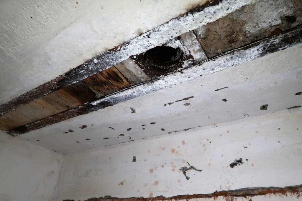 Vue intérieure : détail du plafond de la salle de garde est, puits pour un périscope ?Immatriculation
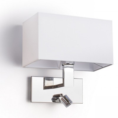 NUMIN WALL 1x42W E27 A - Nástěnné svítidlo, nastavitelný směr svícení, základna kov, povrch chrom lesk, stínítko textil bílá, pro žárovku 1x42W, E27 + LED 1x3W, 3000K, 140lm, 230V, Ra80, IP20, tř.1. rozměry 180x280x280mm
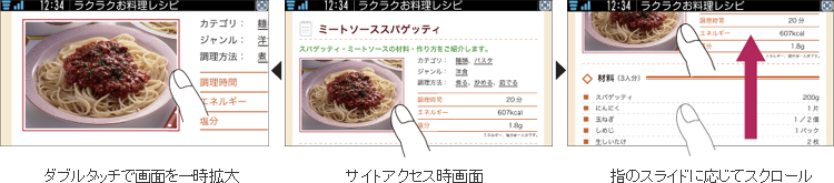 指のスライドに合わせて、画面をスクロールできることはもちろん、サイト上のタッチしにくい小さなリンクなどは、ダブルタッチすることで一時拡大してから選択することも可能。使いやすさにこだわりました。
|---|
> **Problem details**
Write out the data word for word, with every picture dropped.

> **The completed task**
 Vue intérieure : détail du plafond de la salle de garde est, puits pour un périscope ?Immatriculation
 NUMIN WALL 1x42W E27 A - Nástěnné svítidlo, nastavitelný směr svícení, základna kov, povrch chrom lesk, stínítko textil bílá, pro žárovku 1x42W, E27 + LED 1x3W, 3000K, 140lm, 230V, Ra80, IP20, tř.1. rozměry 180x280x280mm
 指のスライドに合わせて、画面をスクロールできることはもちろん、サイト上のタッチしにくい小さなリンクなどは、ダブルタッチすることで一時拡大してから選択することも可能。使いやすさにこだわりました。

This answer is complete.